:: Stored data ::

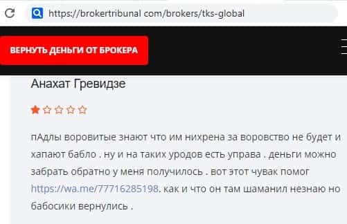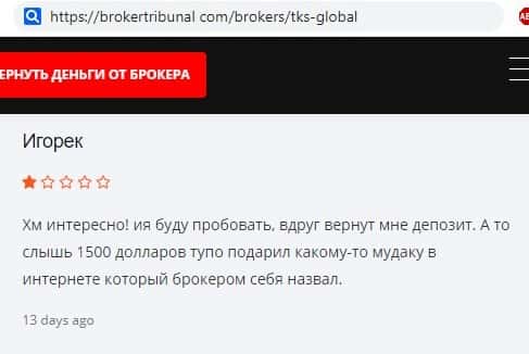 Обманутый клиент брокерской кухни ТКС Глобал, по примеру другого удачливого трейдера, хочет вернуть украденные у него этими жуликами 1500 долларов.
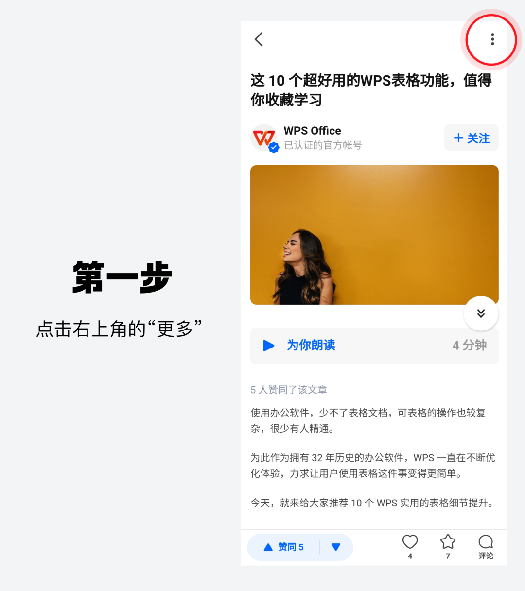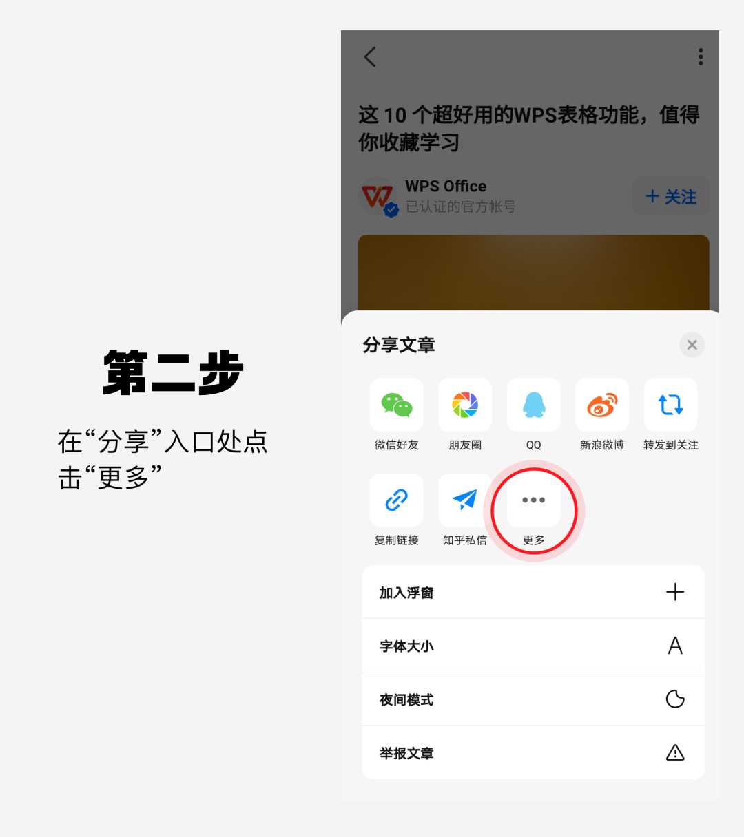 在知乎遇到喜欢的内容时,点击右上角的更多按钮,在“分享”入口处点击“更多”,选择 “收藏至WPS” 即可完成。
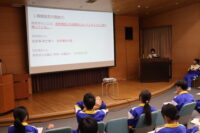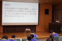 3年生の総合的な学習の時間では、「共に生きる ~SDGs 私たちにできること~」をテーマにし、個人で計画を立て、調査活動を行ってきました。今日は、学年で選ばれた8人の生徒が調査活動のまとめを発表しました。実際に現地に足を運んで調査をしたり、仮説が正しいかを家庭で実践し検証したりするなど、発表者1人1人の活動に工夫が感じられました。
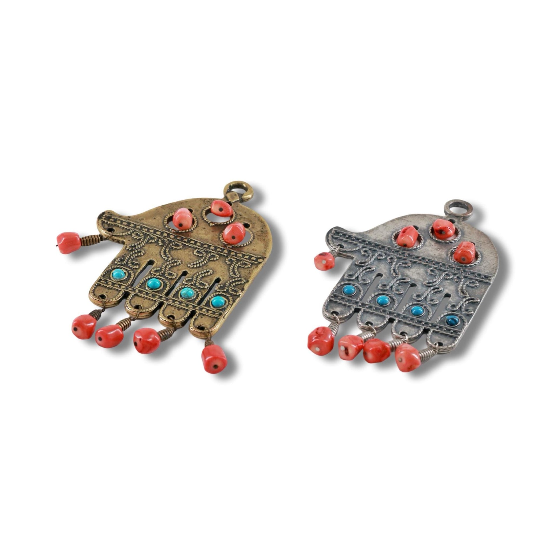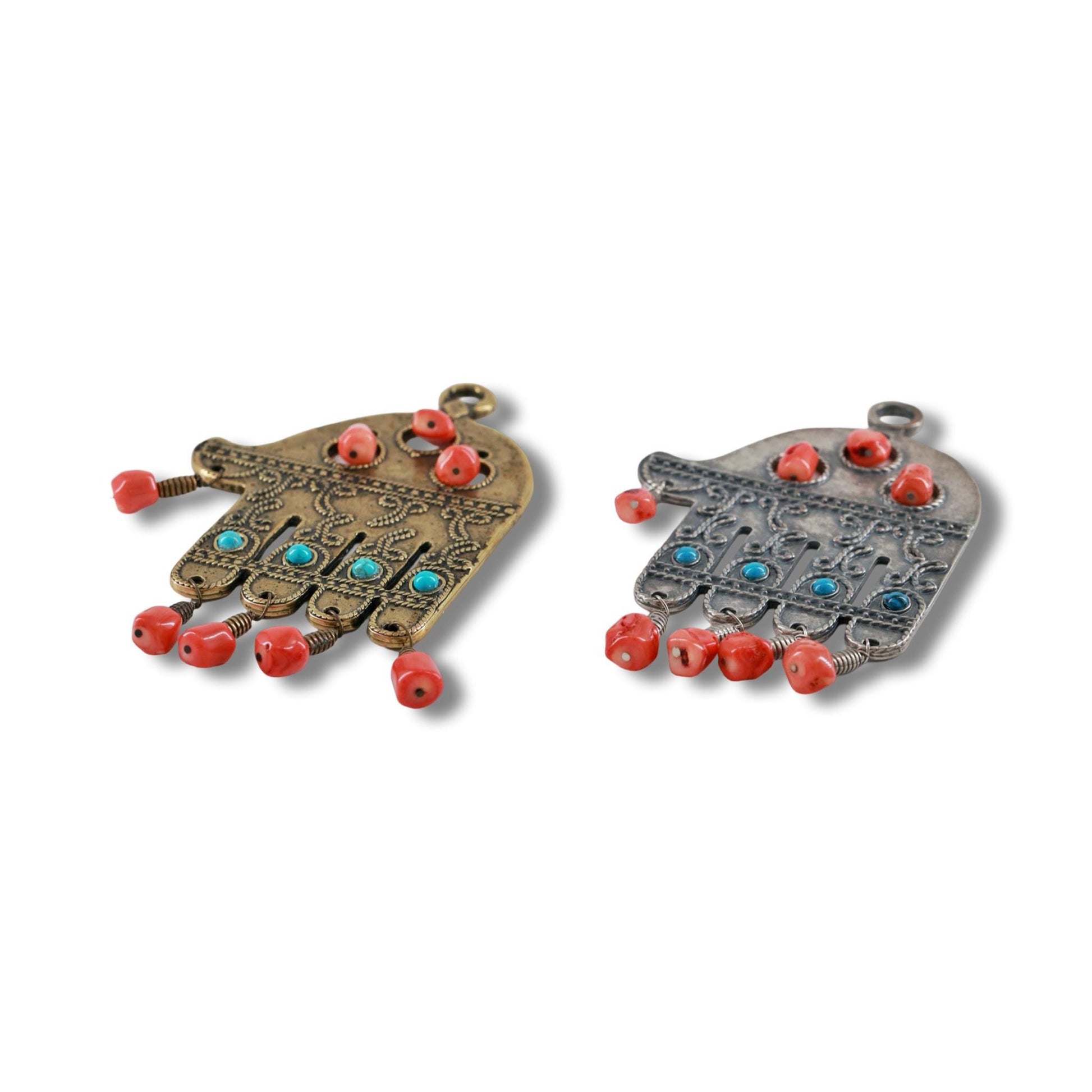 Adorned with vibrant corals and turquoise accents, this piece not only serves as a stunning decorative element but also symbolizes protection and blessings. Its intricate detailing adds a touch of elegance and tradition to any space, making it a perfect gift for loved ones or a beautiful addition to your own decor.
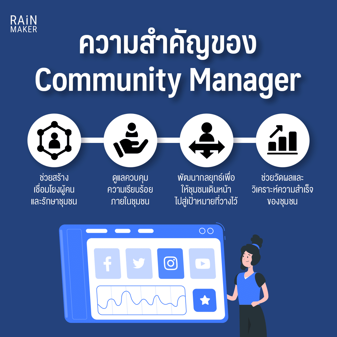 ทั้งนี้ก็เพื่อช่วยผลักดันชุมชนออนไลน์ซึ่งเป็นสถานที่ๆ ให้ผู้คนสามารถเชื่อมต่อถึงกัน เพื่อสร้างความรู้สึกถึงการมีส่วนร่วม และสื่อสารกับคนอื่นๆ ที่มีความสนใจในเรื่องเดียวกันได้ และสิ่งที่ขาดไม่ได้ในชุมชนเลยก็คือ ‘ผู้จัดการชุมชนออนไลน์’ หรือ Community Manager นั่นเองที่เป็นสิ่งสำคัญในการช่วยสร้าง และรักษาชุมชนเพื่อเชื่อมโยงผู้คนเข้าด้วยกัน คอยพัฒนากลยุทธ์เพื่อให้ชุมชนสามารถเดินหน้าไปสู่เป้าหมายที่วางไว้ และวัดผลความสำเร็จของชุมชน
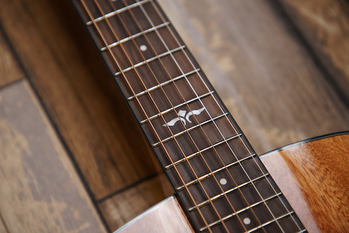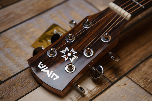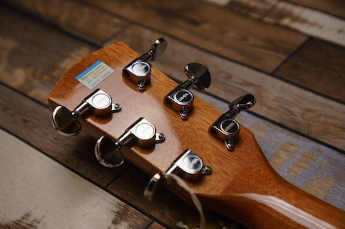 玫瑰木琴頭貼片造型,搭配白色貝殼鑲嵌LOGO。並使用封閉式吉他弦鈕,調音簡單輕鬆、不易走音
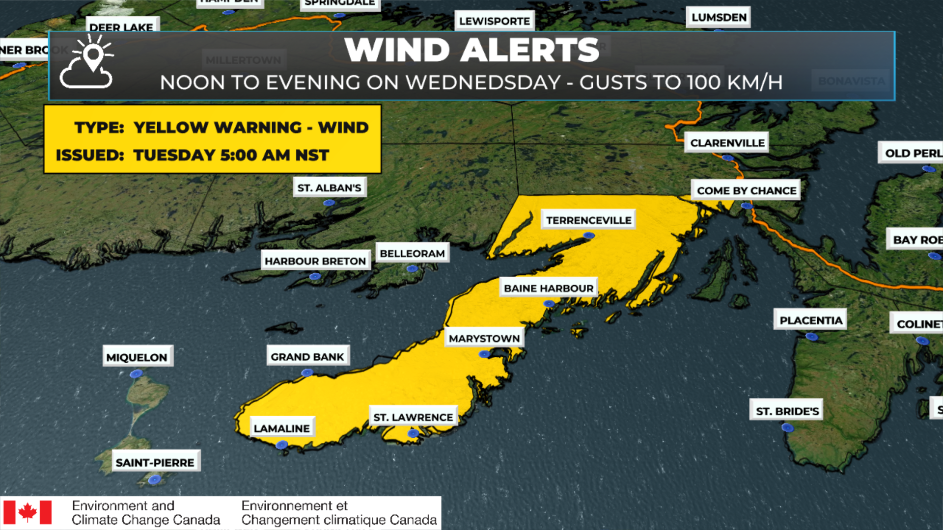 Strong winds capable of causing damage are expected. Winds are likely to be strongest for communities around Fortune Bay.

:::

Give back every entry verbatim. No pictures belong in the copy.

 Обманутый клиент брокерской кухни ТКС Глобал, по примеру другого удачливого трейдера, хочет вернуть украденные у него этими жуликами 1500 долларов.
 在知乎遇到喜欢的内容时,点击右上角的更多按钮,在“分享”入口处点击“更多”,选择 “收藏至WPS” 即可完成。
 3年生の総合的な学習の時間では、「共に生きる ~SDGs 私たちにできること~」をテーマにし、個人で計画を立て、調査活動を行ってきました。今日は、学年で選ばれた8人の生徒が調査活動のまとめを発表しました。実際に現地に足を運んで調査をしたり、仮説が正しいかを家庭で実践し検証したりするなど、発表者1人1人の活動に工夫が感じられました。
 Adorned with vibrant corals and turquoise accents, this piece not only serves as a stunning decorative element but also symbolizes protection and blessings. Its intricate detailing adds a touch of elegance and tradition to any space, making it a perfect gift for loved ones or a beautiful addition to your own decor.
 ทั้งนี้ก็เพื่อช่วยผลักดันชุมชนออนไลน์ซึ่งเป็นสถานที่ๆ ให้ผู้คนสามารถเชื่อมต่อถึงกัน เพื่อสร้างความรู้สึกถึงการมีส่วนร่วม และสื่อสารกับคนอื่นๆ ที่มีความสนใจในเรื่องเดียวกันได้ และสิ่งที่ขาดไม่ได้ในชุมชนเลยก็คือ ‘ผู้จัดการชุมชนออนไลน์’ หรือ Community Manager นั่นเองที่เป็นสิ่งสำคัญในการช่วยสร้าง และรักษาชุมชนเพื่อเชื่อมโยงผู้คนเข้าด้วยกัน คอยพัฒนากลยุทธ์เพื่อให้ชุมชนสามารถเดินหน้าไปสู่เป้าหมายที่วางไว้ และวัดผลความสำเร็จของชุมชน
 玫瑰木琴頭貼片造型,搭配白色貝殼鑲嵌LOGO。並使用封閉式吉他弦鈕,調音簡單輕鬆、不易走音
 Strong winds capable of causing damage are expected. Winds are likely to be strongest for communities around Fortune Bay.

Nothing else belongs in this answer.